Mircosoft was looking £80 to do this for me (warranty up) so i decided i would fix it too. Such an easy job!


----------



## John74 (Mar 12, 2007)

buckas said:


> :thumb::thumb: just had a blast on COD, man i've missed that
> 
> yeh RROD'd on me last week
> 
> ...


Ahh good to here these kits work, just ordered myself one as i have an elite sitting about with the rings of death.


----------



## buckas (Jun 13, 2008)

yeh, i was suprised as well to be honest - just seems that over time the thermal paste on the processeor to the heatsink doesn't work as good as it shuold, causing it to get too hot and then turn off giving RROD

replacing this aspect is the remedy i hope 

drew


----------



## buckas (Jun 13, 2008)

turned it on last night and got RROD again

took disc out and turned it off

SMACKED IT, turned it on and it worked :lol::lol::lol::lol::lol::lol::lol:


----------



## Fordy_ST500 (Mar 10, 2009)

see i told you it wasnt too hard...well in buddy!
now you have done the repair you should never get 3 rings again 

Dom


----------



## The Detail Doctor (Feb 22, 2008)

Showshine said:


> Your Aids has been cured then.....


Is that funny.....really?


----------



## Leemack (Mar 6, 2009)

The Detail Doctor said:


> Is that funny.....really?


Sorry ??????

Plase tell me your not a PC hunter?

Buckas in a previous thread said "My xbox has aids"
So i said what i said.

FFS please dont tell me you are offended :lol:


----------



## The Detail Doctor (Feb 22, 2008)

Showshine said:


> Sorry ??????
> 
> Plase tell me your not a PC hunter?
> 
> ...


What if I was, AIDS isn't reallyt something I've ever found that funny to be honest.


----------



## buckas (Jun 13, 2008)

Cheer up, misery


----------



## The Detail Doctor (Feb 22, 2008)

buckas said:


> Cheer up, misery


I'm perfectly happy


----------



## Maggi200 (Aug 21, 2009)

Interested to see how long this fix lasts. I hope it's a long term solution to microsofts poor design, I'm expecting mine to die eventually, especially as I read recently microsoft expect another 5 years life outta the 360 thanks to that project natal thingy. Might order one just in case


----------



## Leemack (Mar 6, 2009)

Well like i said on PM I apologise.
Just seems that someone is offended on some sort of thread - It was a joke about an xbox not knocking Aids


----------



## John74 (Mar 12, 2007)

Well getting back on track, my kit turned up today so stripped down my elite following the guides and and a short while later put it all back together. Glad to say it's working good as new now. Played MW2 and forza 3 for a few hours this afternoon no problem at all :thumb:.

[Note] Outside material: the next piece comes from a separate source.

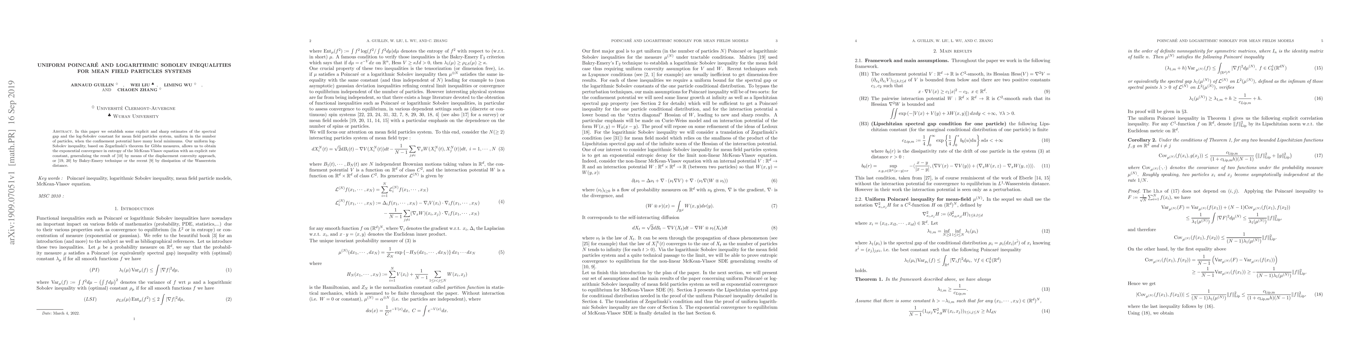 In this paper we establish some explicit and sharp estimates of the spectral gap and the log-Sobolev constant for mean field particles system, uniform in the number of particles, when the confinement potential have many local minimums. Our uniform log-Sobolev inequality, based on Zegarlinski's theorem for Gibbs measures, allows us to obtain the exponential convergence in entropy of the McKean-Vlasov equation with an explicit rate constant, generalizing the result of [10] by means of the displacement convexity approach, or [19, 20] by Bakry-Emery technique or the recent [9] by dissipation of the Wasserstein distance.

Just searching ebay now as i fancy modding the case and fans now i know how to pull it apart


----------



## Jai (Mar 16, 2010)

I used one of these kits on my old xbox, worked for a week then died again. Just kept re-fitting the same kit. Repeated it for 3-4 weeks. I then got an intercooler to plug in the back, seems to have no issues now! Brother has it now, I got myself an Elite instead!


----------